Очевидно, став соучастником совершенно никчемного разговора, он пожалел потраченных на поимку Ротрама трудов и решил внести свою лепту.

Скелли с удовольствием проследил за изменениями на лице до сих пор остававшегося почти невозмутимым собеседника и сел на прежнее место.

— Вам, должно быть, небезразлично, что произойдет с этой девочкой. Ей сколько? Зим двадцать от силы? Жить да жить. Да и вам самому на старости лет, вы уж простите мою стариковскую прямоту, второй такой возможности может не представиться.

Ему показалось, что изменился даже исходивший от Ротрама запах. О, вот и слабое звено нашей мощной цепи! Женщины, женщины…

— Так куда, вы говорите, они отправились? — повторил Скелли свой вопрос.

— Я действительно не знаю. Насчет угрозы, я вам верю, но даже и под пыткой не смогу ничего рассказать, поскольку не знаю. Клянусь.

— Клясться пока рано. Я вам тоже почему-то верю. Вы не производите впечатление человека легкомысленного. И прекрасно понимаете, куда и зачем попали. Наш с вами разговор может быть последним. С некоторых пор я перестал дорожить не только торговцами оружием, но и кузнецами.

— Я представляю…

— Вы, должно быть, хороший человек, вита Ротрам, однако ваши представления о жизни несколько устарели. Не смотрите на меня с таким удивлением. Сейчас многое меняется. И вовсе не в ту сторону, к которой мы все, так или иначе, стремимся. Знаете, я тут давеча пришел к выводу, что в нашем непростом мире существуют силы и помимо нас, которые движут событиями по своему собственному усмотрению. Нам только кажется, что мы держим в руках непобедимое оружие. На самом же деле мы такие же исполнители воли, как вон те двое стражников. Их мечи — не их мечи. Они будут обращены на того, на кого им укажут.

— Кажется, я понимаю…

— Не торопитесь. Мне бы не хотелось в вас разочаровываться. Вы наверняка знаете многое из того, чего не знают другие. Я, например. Кстати, вы богаты?

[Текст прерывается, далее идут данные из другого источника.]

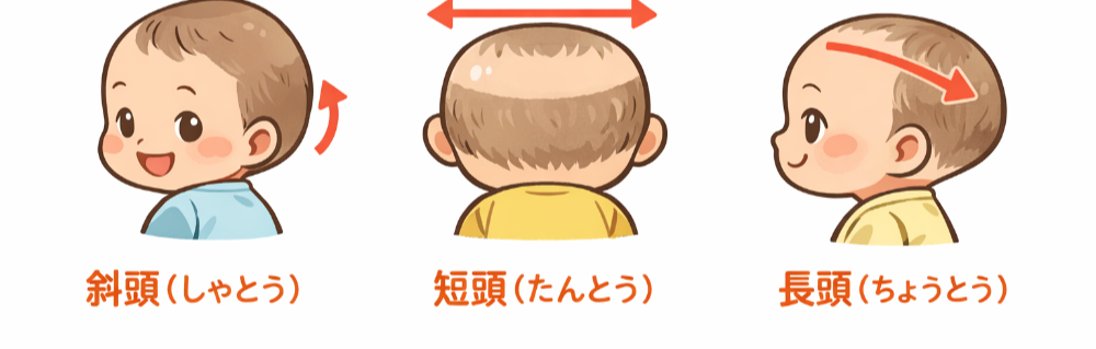 後頭部が平らで、横に広がって見える状態。

— Я бы так не сказал, — начал Ротрам, но заметил взгляд собеседника, обращенный на бархатный камзол, вероятно, не единственный, и поспешил добавить: — Но деньги у меня водятся.

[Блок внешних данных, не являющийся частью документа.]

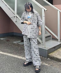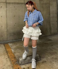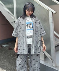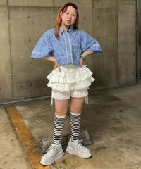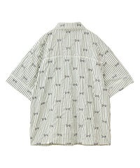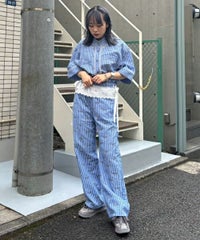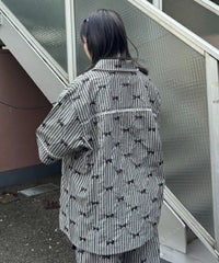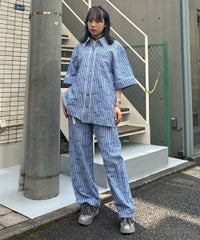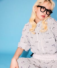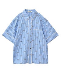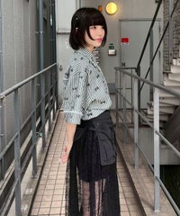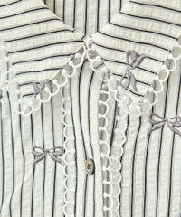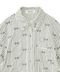 オリジナルのリボン柄をストライプ素材に刺繍したシャツ。 衿や前立て、袖口の切り替え部分にさりげなく挟んだチュールレースもポイント。 ベーシックでシンプルなシルエットで、カジュアルにもガーリーにもご着用いただけます。 同素材を使用したパンツと合わせたセットアップのコーディネートはもちろん、 インナーにキャミソールやコンパクトTを合わせ、羽織としてのご着用もおすすめです。

— Это всегда хорошо. Без денег мужчина перестает чувствовать себя мужчиной. Ни семью толком не завести, ни себя не потешить чем-нибудь приятным в свободное время. Но и когда денег много, тоже плохо. Постоянно приходится за них переживать, бояться, хотеть преумножить.

— Я спокойно к этому отношусь.

— Не сомневаюсь. Я тоже. — Скелли покосился на Ризи, который явно скучал, не понимая, о чем вообще здесь идет речь и зачем нужна вся эта пустая болтовня. Почему не взять оружейника в оборот и не выколотить у него всю правду старым проверенным способом? К чему все эти экивоки? — Скажите, Ротрам, насколько хорошо вы разбираетесь в людях?

Торговец ответил не сразу, озадаченный не столько вопросом, сколько переменой в тоне, которым он был задан.

— Вероятно, настолько, насколько в оружии, с которым имею дело. Я никогда не испытывал сложностей в вопросах торговли.

— Расскажите немного об этом. Как вы торгуете?

Не успел Ротрам ответить, Ризи демонстративно встал и отошел к стражникам, делая вид, будто отдает им какие-то распоряжения. Воспользовавшись тем, что их никто не слышит, Скелли понизил голос до шепота:

— Не обращайте внимания. Обиженные вояки вынуждают меня вести все эти никчемные разборки. По мне так пусть бы их там, в таверне, всех укокошили. Я хорошо знал отца этого Хейзита, прекрасного, умелого каменщика, и желаю горе-беглецам никогда нам не попасться. Я смело говорю это вам, потому что вы мне тоже почему-то симпатичны, и я хочу вам помочь. Думающие люди должны держаться вместе. Мне может понадобиться ваша помощь.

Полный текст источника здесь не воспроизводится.